Los jueves, cualquier caballero o gentilhombre
que quisiese, podría entrar en batalla en campo cerrado, a pie y a toda
ultranza, uno contra uno o dos contra dos. El ganador recibiría la figura de
una dama de oro, a semejanza de la infanta, que tendría que pesar treinta y
cinco marcos de oro, ya que este combate es el más fuerte y peligroso que se
puede hacer. El vencido tendría que prometer, delante de los jueces, que en
toda su vida no requeriría a ningún otro caballero o gentilhombre a toda
ultranza y que no llevaría espada ni ninguna otra arma durante todo aquel año y
un día, si no era en batalla contra infieles.
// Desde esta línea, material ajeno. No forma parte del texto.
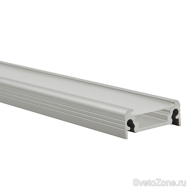 - PROFILO B – малогабаритный профиль универсального назначения для лент LED с максимальной шириной 8 мм. Благодаря небольшому размеру (12,2 мм x 7 мм) и простоте формы, он будет незаменим в архитектурных объектах, в качестве эвакуационного освещения, прекрасно подойдет для монтажа мебельного, лестничного, надпольного освещения и даже для крепления модулей LED в плитке для ванной комнаты. Профиль не нуждается в кронштейнах, так как может монтироваться с помощью винтов, двусторонней клейкой ленты или монтажного клея. Для профиля можно подобрать дополнительные аксессуары: плафон цвета «молоко» SHADE B-W или плафон цвета «иней» SHADE B-FR, заглушки из АБС-пластика STOPPER B.

Después se tendría que poner a
merced de la señora infanta, la cual haría de él lo que le placiese.
Los viernes, ya que es día de pasión, no se
podría hacer ningún tipo de batalla sino que, después de oída misa y dichas las
vísperas, podrían ir a cazar.
El sábado fue el día establecido para armar
caballeros. Por esta razón, el rey, después de haber examinado si los
aspirantes eran merecedores de recibir la orden, de buena gana se la concedería.
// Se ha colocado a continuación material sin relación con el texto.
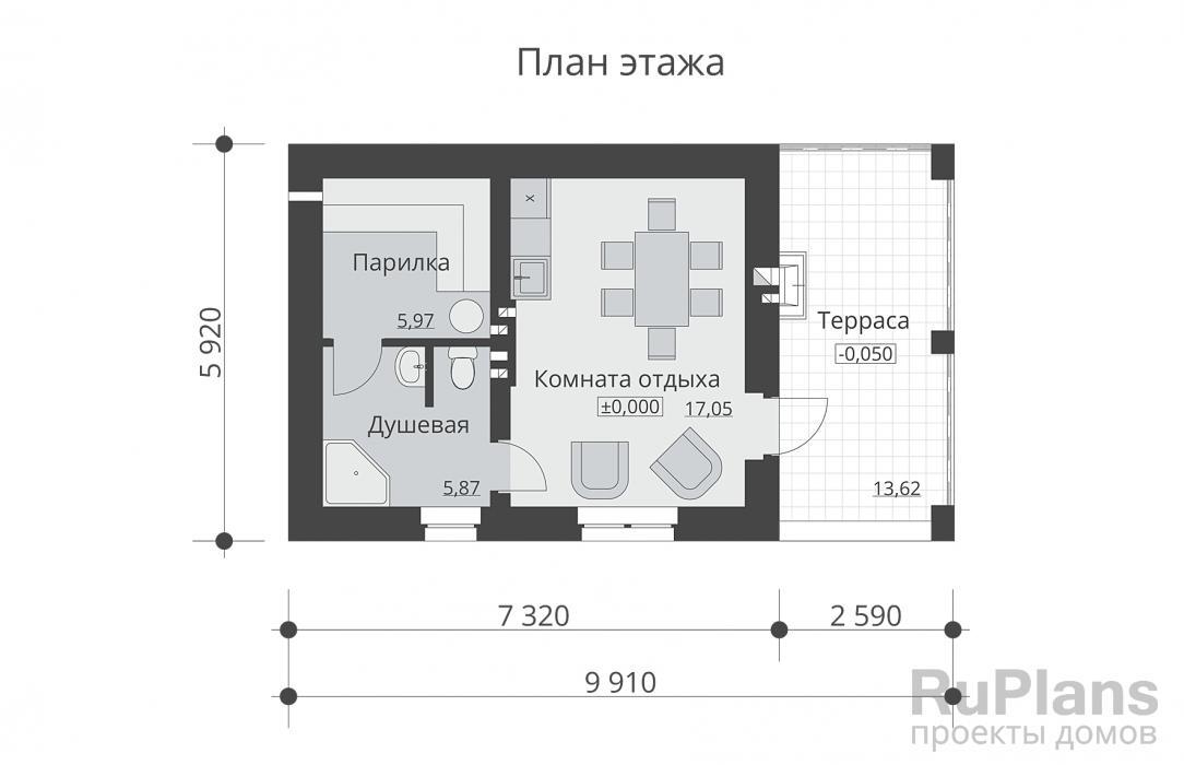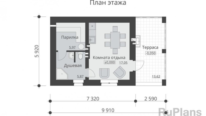 душевая, сан-узел, кухня, подсобное помещение, большая зона отдыха

Aquí tenéis, padre y señor, la relación de las
actividades fijadas para todos los días de la semana. También os he de decir
que se eligieron veintiséis virtuosos caballeros como mantenedores de campo.
—Una vez hecha pública esta
relación —continuó relatando Tirante—, como ya era tarde, el rey y todos los
estamentos se fueron a comer. Cuando hubieron terminado, todos fuimos donde
estaban los veintiséis caballeros elegidos, los cuales se encontraban a un tiro
de ballesta del alojamiento del rey. Dentro del campo había un espacio cerrado
con empalizadas muy altas, de forma que nadie podía ver más que por la puerta o
entrando dentro. Los caballeros estaban sentados en sillas, trece a cada lado,
todos armados, de blanco y con coronas muy ricas en la cabeza. Al entrar el rey
y la infanta, no se movieron, sino que los saludaron con la cabeza, sin decir
nada. Cuando el rey se quiso ir, salieron cuatro doncellas, ricamente ataviadas
y de inestimable belleza, y suplicaron al rey que se esperase allí hasta haber
tomado una colación. El rey se lo otorgó y al instante le sacaron gran cantidad
de mazapanes y pasteles reales, hechos con harina de almendra y azúcar, y otros
confites. Todos fueron muy bien servidos y os gustará saber que todos los
caballeros y gentilhombres estaban sentados sobre las faldas de una mujer o doncella.
Acabada la colación, el rey salió al
prado y todos empezaron a danzar. Los mantenedores fueron desarmados y los
veintiséis acudieron vestidos con cotas y chaquetas, idénticas en color y forma
y brocados de orfebrería; cada uno llevaba un bonete de grana con un magnífico
broche en la cabeza, de forma que parecía que eran caballeros de gran estado y
alta caballería.
Cuando acabaron las
danzas, fuimos a ver las lizas, campos cerrados donde se tenían que hacer los
combates, las cuales estaban muy bien hechas y tenían muchos tablados muy
bellamente adornados con magníficos y singulares tejidos de raso.»